# [WHAT IS EXPECTED]
Would you set down the data that follows, word for word, without any pictures?

# [DATA EXTRACT]
╔══
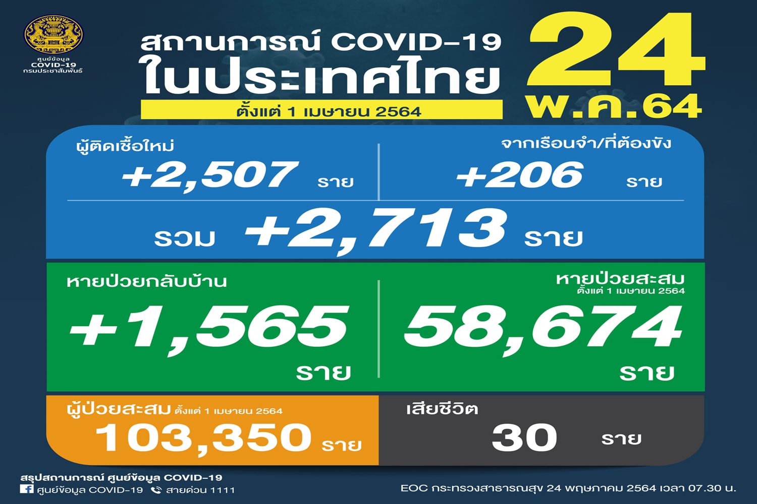 ศบค.พบผู้ติดเชื้อโควิดเพิ่ม 2,713 ราย มาจากเรือนจำ 206 ราย ขณะที่ผู้เสียชีวิตเพิ่มขึ้นอีก 30 ราย ผู้ป่วยได้รับการรักษาหายเพิ่ม 1,565 ราย
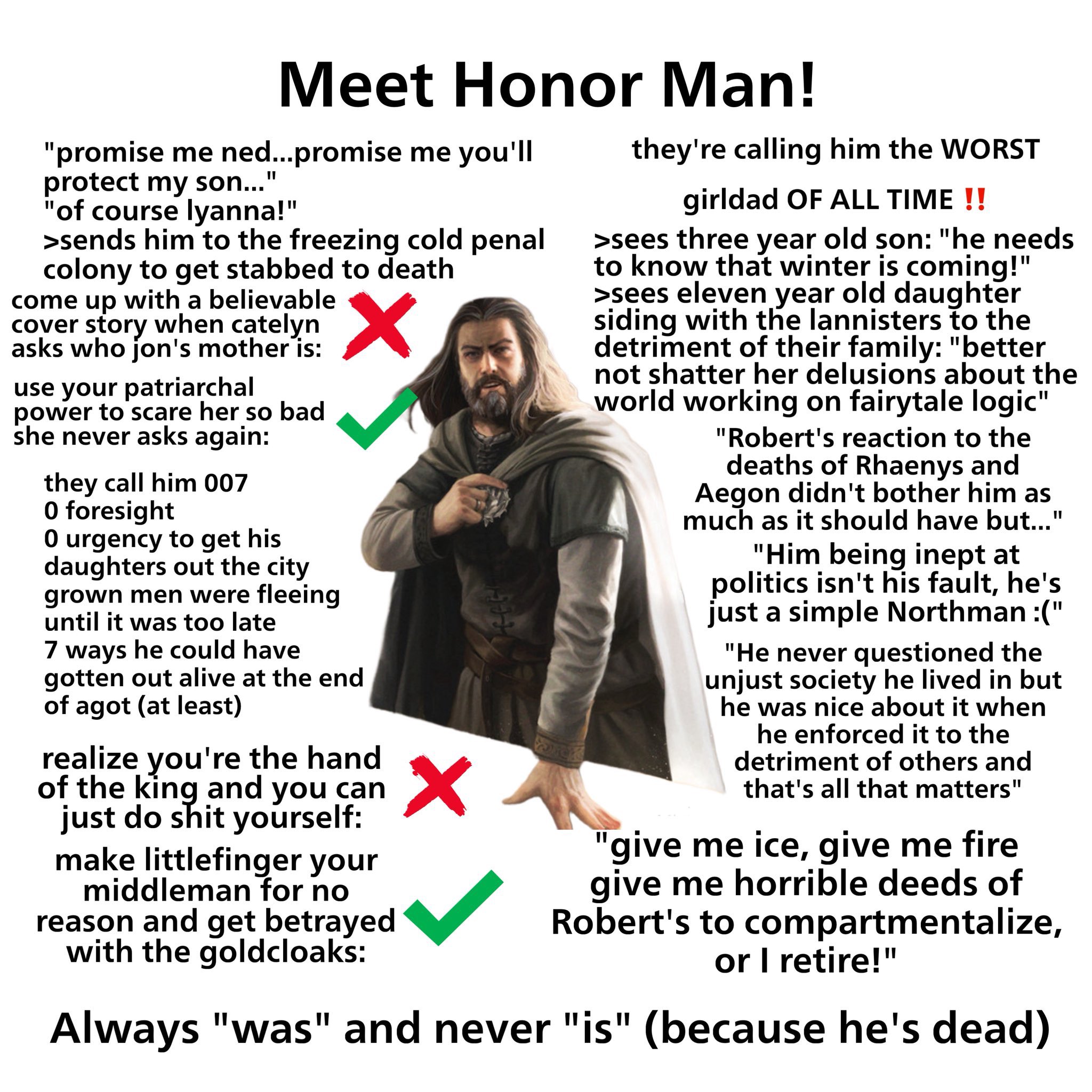 >Ned was just bad at southern politics, he was a good norfman!>despite having the best relationship with a King in Stark history, there's no evidence the North is benefitting at all>fought 2 wars for Robert but got nothing in return, Ned is still worried about food for the winter>completely oblivious to how much debt Robert had racked up, which could lead to another war in the future. Just needed to send a single letter to Jon Arryn asking about the state of the realm>did nothing to benefit the North through his relationships in the Vale and Riverlands>oblivious to the fact that Barbary Dustin hates him, that Roose and his heir are breaking his laws>makes no plans for his children's future>no small council position for any Northern lord>allows Mance to spend 10 years building up an army before investigating>was going to slaughter the direwolf pups without hesitation before Jon stopped him>follows the Old Gods but for some reason completely refuses to believe in supernatural shit like wargs or OthersNed bros.... not like this
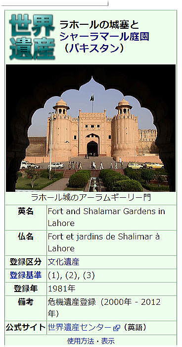 | 総合メニュー(西アジア) パキスタンの世界遺産 世界遺産1A 世界遺産1B 世界遺産1C 世界遺産2A 世界遺産2B 世界遺産2C 世界遺産2D 世界遺産2E 世界遺産3 世界遺産4A 世界遺産4B 世界遺産4C 世界遺産4D 世界遺産5 世界遺産6A 世界遺産6B 世界遺産6C 世界遺産6D 次はパキスタンの世界遺産4Aです。 ◆ラホール城塞 ![]() ホール城塞は、パキスタン・パンジャーブ州ラホールにある歴史的建造物。市街の北西に位置し、城内にはシーシュ・マハル、アーラムギーリー門、ノウラーカー・パビリオン、モーティー・マスジドといった有名な遺跡が存在します。 城塞は、1400フィート×1115フィートの広さがあります。1981年、同じラホール市内のシャーラマール庭園とあわせて、ユネスコの世界遺産に登録されました。 ラーホル街の人々の間で用いられるローカルな名称として、「シャーヒー・キラー(شاہی قلعہ)」(「王の城」)とも呼ばれています。 ![]() ラホール城のアーラムギーリー門 CC 表示-継承 1.0, リンク Source:Wikimedia Commons 歴史 ラホール城の歴史ははっきりとわかっていません。街とラホール城の誕生は、神話の時代(『ラーマーヤナ』の時代)にまでさかのぼってしまいます。 とはいえ、1959年に実施された発掘調査によると、1025年に鋳造されたガズナ朝のスルタンであるマフムードの名前が刻印された硬貨が、ラホール城遺跡で25mの深さから発見されました。 また、それよりさらに15m深い地層からは、1021年のマフムードによるガズナ朝の征服以前から人の住んでいた痕跡が発見されました。このことからラホール城の歴史は、1180年から1186年にかけてラホールから征服活動を展開したシハーブッディーン・ムハンマド(ゴール朝)の時代よりも古いことが明らかとなりました。 1241年にモンゴル帝国の征服活動によっていったん破壊されましたが、1267年にバルバンによって再建されました。1398年、ティムールの軍隊によって、再度の破壊を経験し、1421年には、ムバーラク・シャーによる再建、1432年のカーブルのシャイフ・アリーによる征服をラホール城は受けました。 現在のラホール城は、ムガル帝国時代に築かれたものが多く、1566年、アクバルの手によって、再建されました。その再建は、ラホール城の古い基盤をもとに、煉瓦建築が築かれました。アクバルは、加えて、王室の謁見の間として有名な「ダウラト・ハーナイェ・ハーソ・アーム」(Daulat Khana-ye-khas-o-Am)を作りました。 1618年には、ジャハーンギールは、ジャハーンギールの謁見の間が増築されました。加えて、庭園や寝所の増設が行われました。 1631年以降、シャー・ジャハーンによって、鏡の間、妃の寝室として使用され絢爛豪華な鏡のモザイクで埋め尽くされた夢の王宮、浴場、隠退の間、1645年には、40本柱の間と呼ばれる謁見の間、真珠のモスクが造営されました。 さらに、1674年には、アウラングゼーブによって、場外に赤砂岩の壁と白大理石の3つのドームを持つ金曜モスクが造営されました。 これ以後も1849年までの間に、ラーヴィー川に向かって、ラホール城は拡張工事が続けられました。 世界遺産登録基準 この世界遺産は世界遺産登録基準のうち、以下の条件を満たし、登録された(以下の基準は世界遺産センター公表の登録基準からの翻訳、引用)。 (1) 人類の創造的才能を表現する傑作。 (2) ある期間を通じてまたはある文化圏において、建築、技術、記念碑的芸術、都市計画、景観デザインの発展に関し、人類の価値の重要な交流を示すもの。 (3) 現存するまたは消滅した文化的伝統または文明の、唯一のまたは少なくとも稀な証拠。 世界遺産4Bへつづく |
╚══
# [EXPECTED ANSWER]
 ศบค.พบผู้ติดเชื้อโควิดเพิ่ม 2,713 ราย มาจากเรือนจำ 206 ราย ขณะที่ผู้เสียชีวิตเพิ่มขึ้นอีก 30 ราย ผู้ป่วยได้รับการรักษาหายเพิ่ม 1,565 ราย
 >Ned was just bad at southern politics, he was a good norfman!>despite having the best relationship with a King in Stark history, there's no evidence the North is benefitting at all>fought 2 wars for Robert but got nothing in return, Ned is still worried about food for the winter>completely oblivious to how much debt Robert had racked up, which could lead to another war in the future. Just needed to send a single letter to Jon Arryn asking about the state of the realm>did nothing to benefit the North through his relationships in the Vale and Riverlands>oblivious to the fact that Barbary Dustin hates him, that Roose and his heir are breaking his laws>makes no plans for his children's future>no small council position for any Northern lord>allows Mance to spend 10 years building up an army before investigating>was going to slaughter the direwolf pups without hesitation before Jon stopped him>follows the Old Gods but for some reason completely refuses to believe in supernatural shit like wargs or OthersNed bros.... not like this
 | 総合メニュー(西アジア) パキスタンの世界遺産 世界遺産1A 世界遺産1B 世界遺産1C 世界遺産2A 世界遺産2B 世界遺産2C 世界遺産2D 世界遺産2E 世界遺産3 世界遺産4A 世界遺産4B 世界遺産4C 世界遺産4D 世界遺産5 世界遺産6A 世界遺産6B 世界遺産6C 世界遺産6D 次はパキスタンの世界遺産4Aです。 ◆ラホール城塞 ![]() ホール城塞は、パキスタン・パンジャーブ州ラホールにある歴史的建造物。市街の北西に位置し、城内にはシーシュ・マハル、アーラムギーリー門、ノウラーカー・パビリオン、モーティー・マスジドといった有名な遺跡が存在します。 城塞は、1400フィート×1115フィートの広さがあります。1981年、同じラホール市内のシャーラマール庭園とあわせて、ユネスコの世界遺産に登録されました。 ラーホル街の人々の間で用いられるローカルな名称として、「シャーヒー・キラー(شاہی قلعہ)」(「王の城」)とも呼ばれています。 ![]() ラホール城のアーラムギーリー門 CC 表示-継承 1.0, リンク Source:Wikimedia Commons 歴史 ラホール城の歴史ははっきりとわかっていません。街とラホール城の誕生は、神話の時代(『ラーマーヤナ』の時代)にまでさかのぼってしまいます。 とはいえ、1959年に実施された発掘調査によると、1025年に鋳造されたガズナ朝のスルタンであるマフムードの名前が刻印された硬貨が、ラホール城遺跡で25mの深さから発見されました。 また、それよりさらに15m深い地層からは、1021年のマフムードによるガズナ朝の征服以前から人の住んでいた痕跡が発見されました。このことからラホール城の歴史は、1180年から1186年にかけてラホールから征服活動を展開したシハーブッディーン・ムハンマド(ゴール朝)の時代よりも古いことが明らかとなりました。 1241年にモンゴル帝国の征服活動によっていったん破壊されましたが、1267年にバルバンによって再建されました。1398年、ティムールの軍隊によって、再度の破壊を経験し、1421年には、ムバーラク・シャーによる再建、1432年のカーブルのシャイフ・アリーによる征服をラホール城は受けました。 現在のラホール城は、ムガル帝国時代に築かれたものが多く、1566年、アクバルの手によって、再建されました。その再建は、ラホール城の古い基盤をもとに、煉瓦建築が築かれました。アクバルは、加えて、王室の謁見の間として有名な「ダウラト・ハーナイェ・ハーソ・アーム」(Daulat Khana-ye-khas-o-Am)を作りました。 1618年には、ジャハーンギールは、ジャハーンギールの謁見の間が増築されました。加えて、庭園や寝所の増設が行われました。 1631年以降、シャー・ジャハーンによって、鏡の間、妃の寝室として使用され絢爛豪華な鏡のモザイクで埋め尽くされた夢の王宮、浴場、隠退の間、1645年には、40本柱の間と呼ばれる謁見の間、真珠のモスクが造営されました。 さらに、1674年には、アウラングゼーブによって、場外に赤砂岩の壁と白大理石の3つのドームを持つ金曜モスクが造営されました。 これ以後も1849年までの間に、ラーヴィー川に向かって、ラホール城は拡張工事が続けられました。 世界遺産登録基準 この世界遺産は世界遺産登録基準のうち、以下の条件を満たし、登録された(以下の基準は世界遺産センター公表の登録基準からの翻訳、引用)。 (1) 人類の創造的才能を表現する傑作。 (2) ある期間を通じてまたはある文化圏において、建築、技術、記念碑的芸術、都市計画、景観デザインの発展に関し、人類の価値の重要な交流を示すもの。 (3) 現存するまたは消滅した文化的伝統または文明の、唯一のまたは少なくとも稀な証拠。 世界遺産4Bへつづく |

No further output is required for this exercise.